There are cases in which two transactions get values 100 and 101 from a sequence, then the 100 transaction takes longer to commit, so the value 101 gets committed first, followed by 100. This situation is problematic for our needs, and we need to solve for it.

This is exactly the problem described by this question. We need a solution that does not require changes to the database configuration, unlike the accepted answer to that question.

A comment on that solution, as well as this post, suggest using an exclusive transactional advisory lock starting just before the value is acquired.

Is there a way to have Postgres automatically acquire this lock and fetch a value from a sequence when it gets an INSERT to the table in question?

Note: gaps in the committed values are OK and expected.

EDIT: I have dug into this question enough to be able to ask it well, but I am not very experienced with Postgres. I'm hoping for a pointer to a specific trigger or whatever specific PG setup will accomplish this.

rep
  • 1,546
  • 1
  • 12
  • 19
  • Maybe [txid_current()](https://www.postgresql.org/docs/current/static/functions-info.html#FUNCTIONS-TXID-SNAPSHOT) But what is the problem with `alter system set track_commit_timestamp = true` as suggested in one of the linked questions? –  Aug 24 '17 at 16:25
  • @a_horse_with_no_name "This parameter can only be set in postgresql.conf file or on the server command line." This will be going out to (numerous) environments without access to either. Thanks for that pointer—not what I was expecting, and we'll have to ensure only one row gets committed per transaction, but you're right, it does fit. – rep Aug 24 '17 at 16:55
  • All parameters from `postgresql.conf` can be changed using `alter system`. If you don't have access to those database server, then how do you create tables there? There must be a way to run DDL statements for them. –  Aug 24 '17 at 16:58
  • I didn't know about `alter system`. This is for an open source tool. Our ideal solution would not change the system configuration, but we can look into that. – rep Aug 24 '17 at 17:06
  • @a_horse_with_no_name txid_current() doesn't work because we specifically need the order of commit, not the order of transaction start. – rep Aug 24 '17 at 17:36
  • 1
    Then use a `timestamp` –  Aug 24 '17 at 17:53
  • Why don't you want to use the advisory lock explicitly? In my opinion that should be the way to go. Are the problems, that you don't know exactly where the inserts will happen? Or don't you know exactly where the commits will happen? I would not change the system configuration to satisfy business-requirements if you can do it with normal postgres means.

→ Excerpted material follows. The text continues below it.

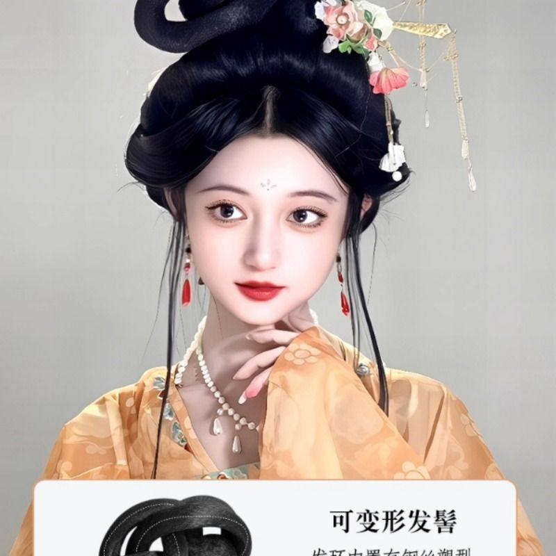 汉服假发一体式古装全套头饰古风全发丝唐风盘发发髻垫发包造型女

Especially in the case of open source I think you don't want to be disqualified by grumpy database administration people. – aschoerk Aug 25 '17 at 07:02
  • Possible duplicate of [In-order sequence generation](https://stackoverflow.com/questions/17500013/in-order-sequence-generation) – Philippe Sep 24 '18 at 15:44

2 Answers2

3

I know you wanted an automatic locking, I would advise against that, you might be able to use stored procedures or triggers for that, but what else is a stored procedure than code. Please see also my comment.

My solution would be to:

My team needs a serial column to increase monotonically with each commit.

Does that mean,

  • that the insertion of a value less then the maximum value already stored is not allowed?
  • gaps in the values of that column are not allowed

I suppose you use a sequence for creation of this value. Then immediately before the commit you should acquire a specific advisory lock see 13.3.4 and now do your insertion either use the sequence implicitly in your schema or explicitly by querying in your insertion. No other commit of a transaction trying to acquire the same lock can get between the locking and the commit so the insertion must be sequential. Doing the locking and incrementing at the end of the transaction helps in that, to keep the time short and prevent deadlocks. The lock will be released together with the commit and the next transaction may acquire it, and will get the next value of the sequence.

aschoerk
  • 3,333
  • 2
  • 15
  • 29
  • Right, we need each newly-committed value to be greater than any previously committed value. Gaps are not a problem, though it would be nice to have something that doesn't do massive jumps by design. Your comment about using the lock explicitly makes sense. Thanks. – rep Aug 28 '17 at 20:35
  • Could you please share an example INSERT? – Denis Mikhaylov Jan 09 '19 at 09:06
  • @Denis Mikhaylov If you refer to the advisory lock, please follow the link, it is no insert. – aschoerk Jan 09 '19 at 13:46
0

We've had to deal this as well, and we went for the stored procedure solution:

CREATE OR REPLACE FUNCTION proc_set_primary_key()
    RETURNS TRIGGER
    LANGUAGE plpgsql
AS
$$
DECLARE
    base_index BIGINT;
    update_count INTEGER;
BEGIN
    PERFORM pg_advisory_xact_lock(42);
    base_index := NEXTVAL('id_sequence');
    UPDATE event SET id = base_index - id - 1 WHERE id < 0;
    GET DIAGNOSTICS update_count = ROW_COUNT;
    PERFORM SETVAL('id_sequence', base_index + update_count - 1);

    RETURN NULL;
END;
$$;

CREATE CONSTRAINT TRIGGER set_commit_order
    AFTER INSERT ON event
    DEFERRABLE INITIALLY DEFERRED
    FOR EACH ROW
    WHEN ( new.id = -1 )
EXECUTE PROCEDURE proc_set_primary_key();

When doing (batch) INSERTs number all your id's with temporary negative values starting from -1. The stored procedure will renumber them just before commit. This creates id's in commit order and preserves the exact INSERT order, but is not gapless.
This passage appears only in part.